His ex-girlfriend Doctor Alli Fisher a researcher in the same field, her concern for Ethan leads her to assist him in his experiments but operating as his own test subject with no supervision his attempt to boost his productivity by overlaying an intellectual template onto his brain has already had unanticipated consequences, the strands of his personality separated and cycling over a period of an hour, his reintegration now dependent on their unlikely cooperation.

Directed by Eric Schultz from a script co-written with Justin Moretto and Thomas Torrey, Minor Premise is an expansion of their own earlier short with Elementary’s Sathya Sridharan reprising his role as the multiple facets of Ethan, each of them with no awareness of the others beyond they clues they leave behind, keeping secrets from himself and Alli (House of Cards’ Paton Ashbrook), as capable as he but more cautious in her approach.

The machine lurking in the darkened corner of the lab, power and cooling cables dangling from the crown like some obscene spider luring Ethan into its parlour with promises of academic recognition, the parallels with the imprinting chair of Dollhouse are inescapable but there is much else, the mind games of Memento, the fractured identity of The Enemy Within, itself a retelling of The Strange Case of Doctor Jekyll and Mister Hyde.

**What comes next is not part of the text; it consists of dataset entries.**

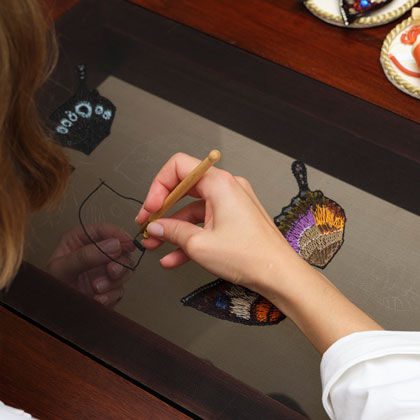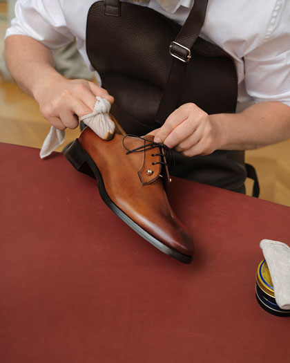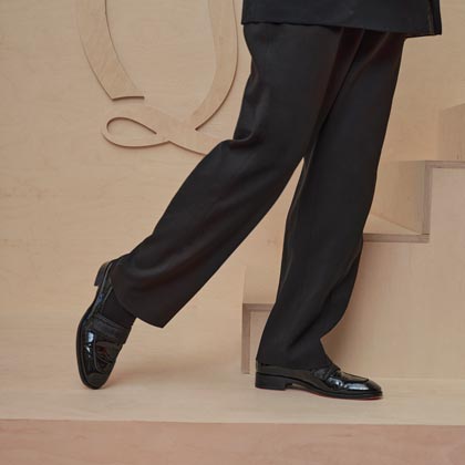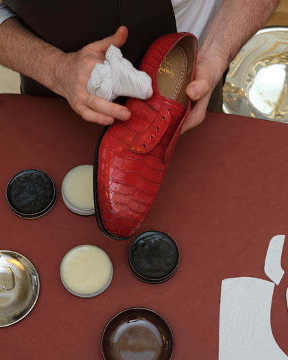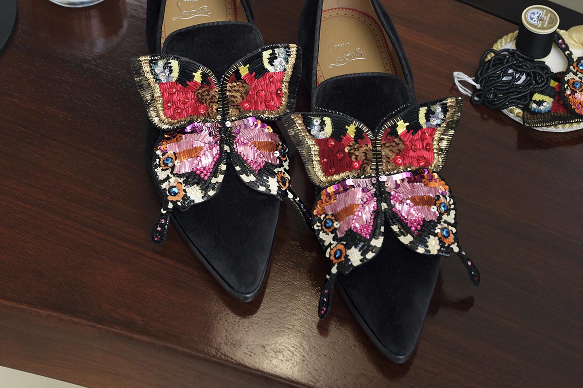 The presentation opens in the Salon des Batailles, offering a glimpse into the creativity that defines each unique pair. Artisans demonstrate three signature techniques: patina and glazing, which give the Chambeliss line its signature depth and shine; and intricate embroidery by the Maison Lesage, adorning the limited-edition Farfajour and Farfanuit shoes with a hand-embroidered butterfly — a poetic tribute to artisanal excellence.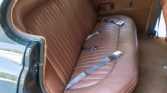 Cabin finishes include brown upholstery on the seats aLompanied by matching door panels and wood trim. A period radio is retained in the center stack, and a Sony CD stereo has been mounted under the dashboard. Further additions included the installation of an ignition kill switch, a Brantz rally meter, and a fire extinguisher mounted alongside the front passenger seat.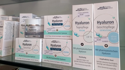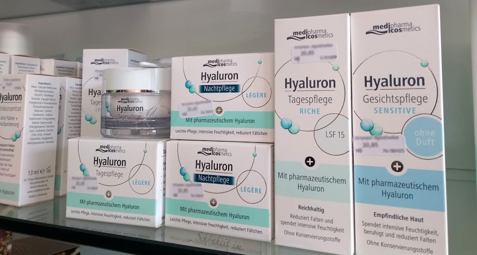 Weitere Hersteller, die auf Hyaluronsäure setzen sind Beiersdorf mit Eucerin Hyaluron-Filler. Der Hamburger Kosmetikkonzern brachte dieses Jahr unter der Dachmarke neu den Vitamin C Booster in die Offizin. Der Hamburger Konzern liegt mit einem Marktanteil von knapp 22 Prozent auf Platz 1. Auch andere Hersteller wie L’Oréal und Nuxe sowie Barbor erweiterten das Sortiment. Hyaluronsäure stimuliert die Zellteilung und wird deshalb in der Anti-Age-Kosmetik eingesetzt. Das Geschäft mit Faltenmitteln aus der Apotheke boomt: Das Segment wuchs um 6 Prozent.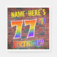 L'avant de ce design de serviette en papier animé, excitant et amusant sur le thème de l'anniversaire est un nom personnalisé, et le message "77E ANNIVERSAIRE !" avec des lettres ayant un motif multicolore inspiré du spectre arc-en-ciel, sur un arrière - plan motif inspiré par un mur de briques. Le style s'inspire de celui des graffitis ou de l'art de rue dessinés sur un mur. Des serviettes en papier amusantes comme celle-ci pourraient être utilisées à une fête d'anniversaire pour quelqu'un qui célèbre son soixante-dix-septième anniversaire. [~Z0000367]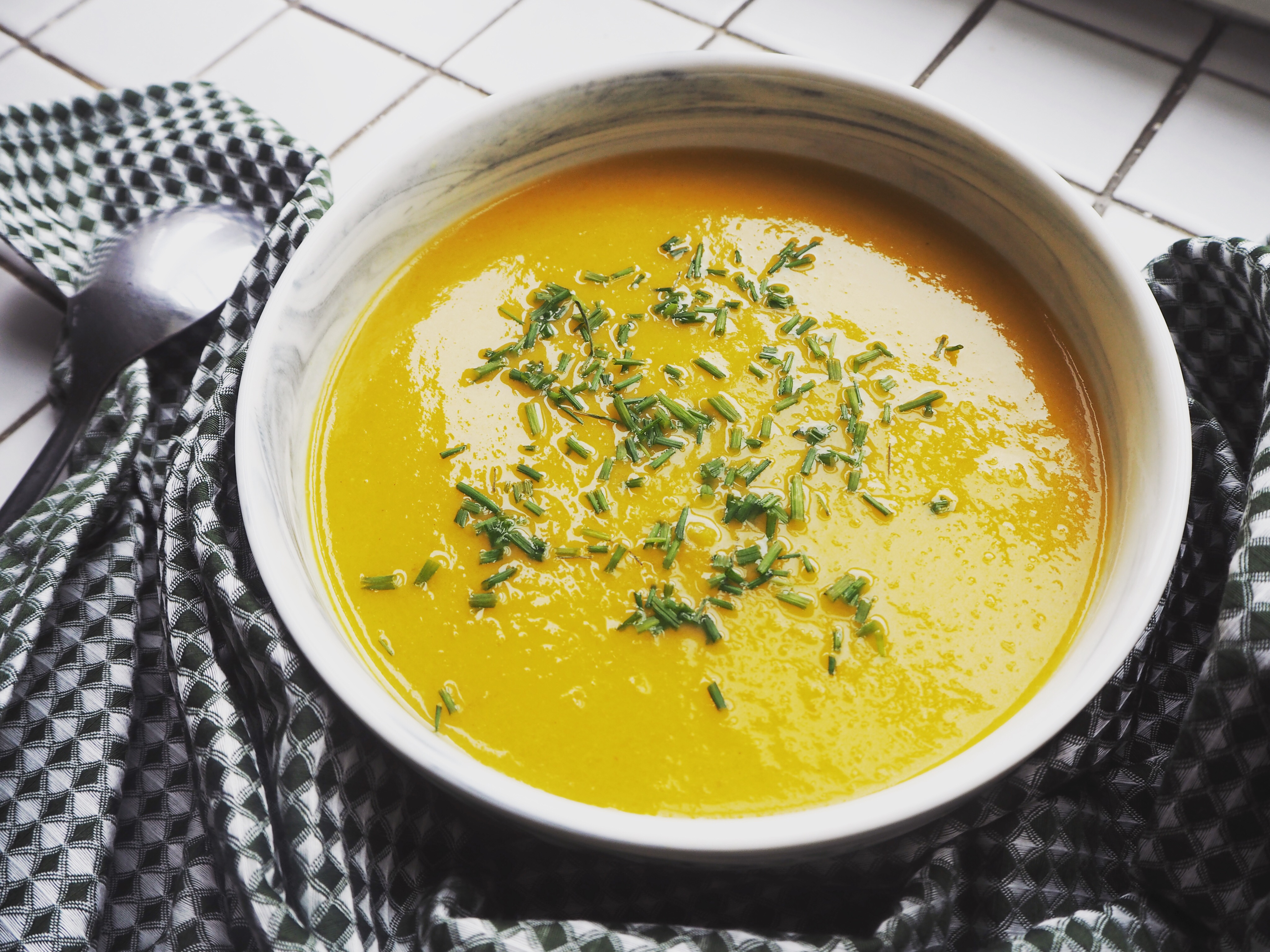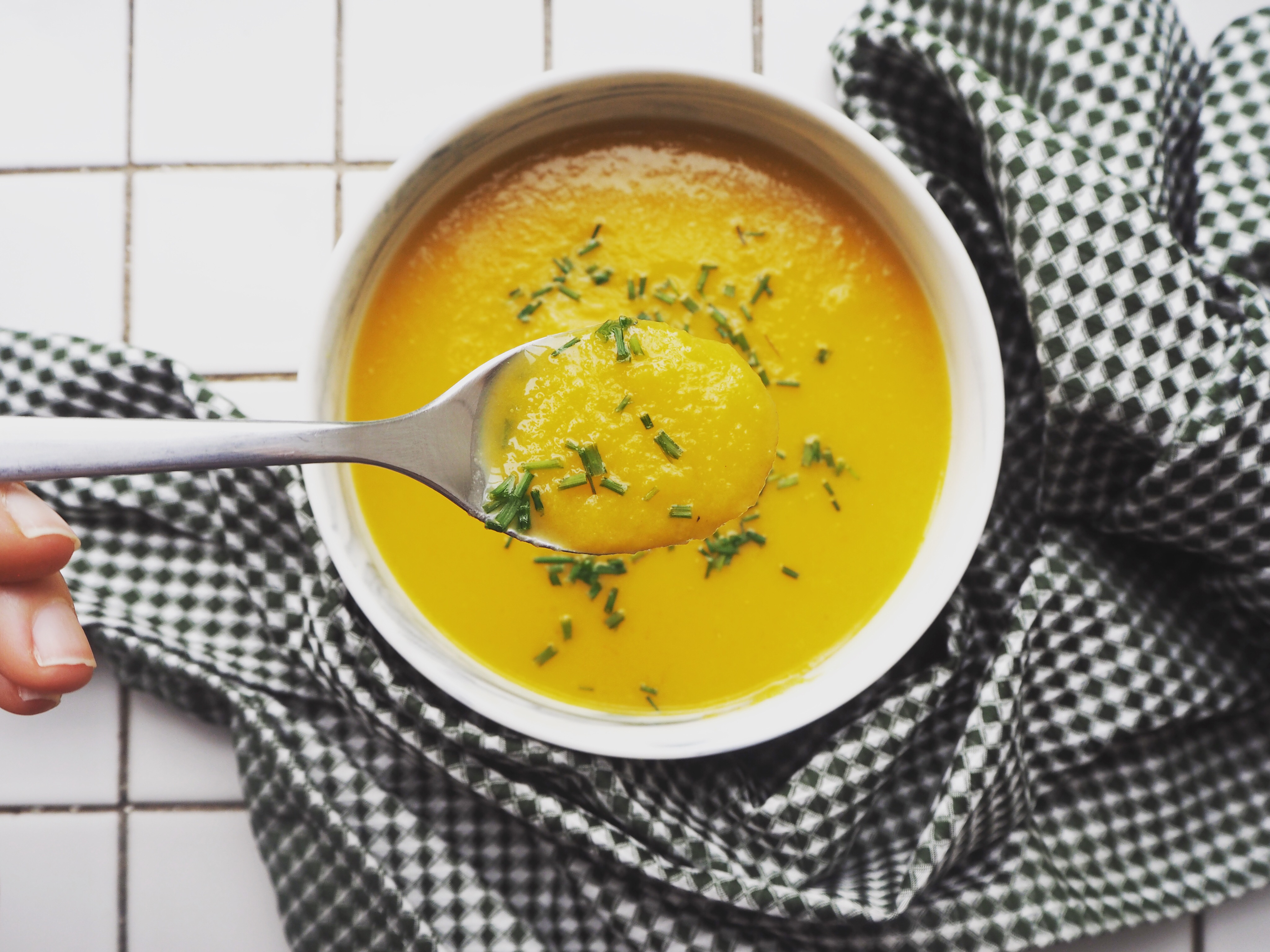 6. Put puree soup back on medium heat. Add orange and lemon juice and stir. Cook for about 3-4 minutes. Taste and add more salt if needed. Turn off the heat and serve warm with fresh chives or fresh mint. Enjoy!

A far from spotless mind where eternal sunshine is conspicuously absent, the limited means of Minor Premise confine it largely to the single location generously populated with scientific apparatus on loan, dependent instead on the dense script and the performances of the leads, supported by Twin Peaks’ Dana Ashbrook as Ethan’s collaborator, an ambitious endeavour which can be seen as a less ethereal successor to Brainstorm, Ethan’s frustrated cynicism laying the breadcrumbs to the suitably ambiguous conclusion.